The long-running Anno series is a city builder-trade sim for those of us who fancy a little more economics and a little more city planning and a little less frowning at legions getting stomped into paste by war elephants, and…FINALLY…ANNO…HAS COME…TO ROME.

…okay, technically, you’re not really dealing with the city of Rome itself, at least in the campaign. But! You are serving the Empire, building a far-flung trade colony from a single trading post into a thriving Roman colony with the aforementioned aqueducts, a teeming city with trade networks, with everyone’s needs met, and with a burgeoning population, all of whom are oh my god do you people ever stop complaining?!

Screenshot from Anno 117 Pax Romana

Anno 117: Pax Romana is a thinker’s city builder: the systems are all there. All goods have a supply chain. It takes wood to build very basic housing, but if you want to upgrade to a better class of pleb, they’re going to want actual clothing, which means you need to build farms and then someone who can make the clothing, and then if you want even better citizens, they’re probably going to want places to spend money and hang out but of course, maybe the classy folks don’t want to live next to the Ancient Roman Charcoal Factory just because it’s constantly belching smoke and may set things on fire and also it is much better if the Ancient Roman Charcoal Factory is positioned next to things that actually need charcoal but that means you may need to move your housing district somewhere else but that means you need to…hang on, my guy is telling me there’s a quest I should do with my sailing ship to set up a trade route and also I need to work on the economic impact of my viaducts and, I’ve got my wife to murder and Carthage to frame for it. I’m swamped! 

Anno 117 Pax Romana screenshot

Anno 117: Pax Romana Is the Most Peaceful Empire You’ll Ever Build

That isn’t to say combat is totally nonexistent, because troops and naval stuff is there. Still, Anno 117 is more about trade networks and economics and managing your colony than planning your conquest of Gaul or fending off the Germans.

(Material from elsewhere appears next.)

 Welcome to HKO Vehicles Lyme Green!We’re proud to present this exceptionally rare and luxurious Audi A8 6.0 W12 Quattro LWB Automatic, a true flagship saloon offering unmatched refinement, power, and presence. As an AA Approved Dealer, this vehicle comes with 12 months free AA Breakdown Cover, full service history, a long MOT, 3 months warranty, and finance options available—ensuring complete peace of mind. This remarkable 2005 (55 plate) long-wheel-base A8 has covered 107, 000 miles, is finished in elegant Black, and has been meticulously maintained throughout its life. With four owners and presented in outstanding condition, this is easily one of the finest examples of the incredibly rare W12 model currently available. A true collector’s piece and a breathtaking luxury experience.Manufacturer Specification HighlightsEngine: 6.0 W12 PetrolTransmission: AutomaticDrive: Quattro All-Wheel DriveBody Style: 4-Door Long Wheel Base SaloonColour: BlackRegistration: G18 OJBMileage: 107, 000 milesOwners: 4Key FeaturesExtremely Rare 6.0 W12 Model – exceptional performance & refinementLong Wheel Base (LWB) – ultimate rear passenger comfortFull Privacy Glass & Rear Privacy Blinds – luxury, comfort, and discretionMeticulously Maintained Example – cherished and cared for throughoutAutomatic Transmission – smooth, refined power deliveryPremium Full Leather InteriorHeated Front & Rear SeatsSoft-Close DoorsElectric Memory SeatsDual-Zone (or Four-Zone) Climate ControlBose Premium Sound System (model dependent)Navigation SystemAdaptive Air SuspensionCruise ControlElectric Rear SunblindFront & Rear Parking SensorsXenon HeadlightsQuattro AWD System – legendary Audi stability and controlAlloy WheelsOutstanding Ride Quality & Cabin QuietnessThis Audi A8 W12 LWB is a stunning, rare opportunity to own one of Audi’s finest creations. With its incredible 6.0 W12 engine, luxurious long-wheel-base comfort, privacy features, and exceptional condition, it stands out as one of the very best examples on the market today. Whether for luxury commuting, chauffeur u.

Despite my paragraph above, it’s a remarkably chill city builder. The pressure in the campaign certainly exists, but it’s more self-inflicted. You certainly don’t want to run out of money if you want to keep playing, but it also lacks a lot of the drudgery and spreadsheet management of the more hardcore city builders. It’s also pretty intuitive: the production chains are all there, but the menus make it easy to follow which buildings need which items to produce things, and generally, the game tells you what you need to know without digging 20 menus deep.

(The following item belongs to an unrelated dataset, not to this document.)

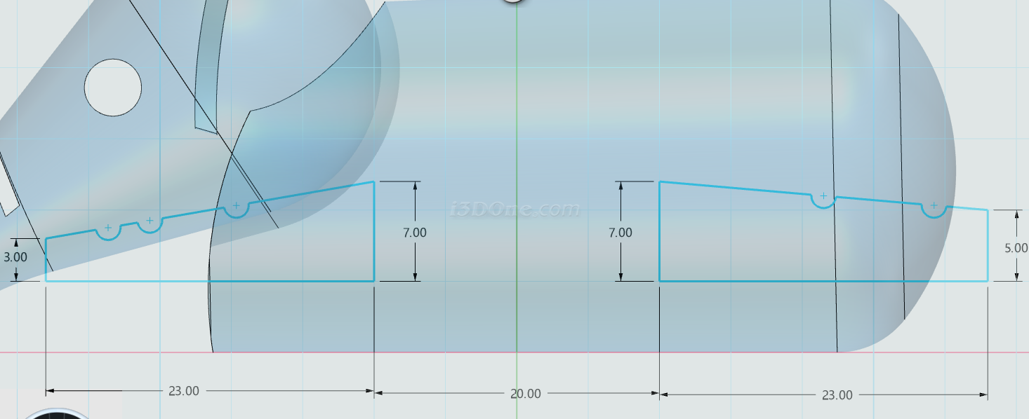 1、繪制身體。在網格平面上繪制身體的草圖,參照下圖尺寸

The campaign mode tells a very Roman story of political intrigue and maneuvering, but I suspect Endless Mode is where most people will spend their time, since it is simply managing your city…well, endlessly, the Eternal City and whatnot. And then there’s co-op and competitive mode if you have friends.

The Final Word
If most Rome games are chasing the violence and melodrama, this is the Rome of documentaries. You can almost hear a soothing British narrator murmuring about the most assuredly excellent layout of your residential district or the placement of your market as you go about your business. Pax Romana, the era of relative peace and wealth, is right in the title, after all.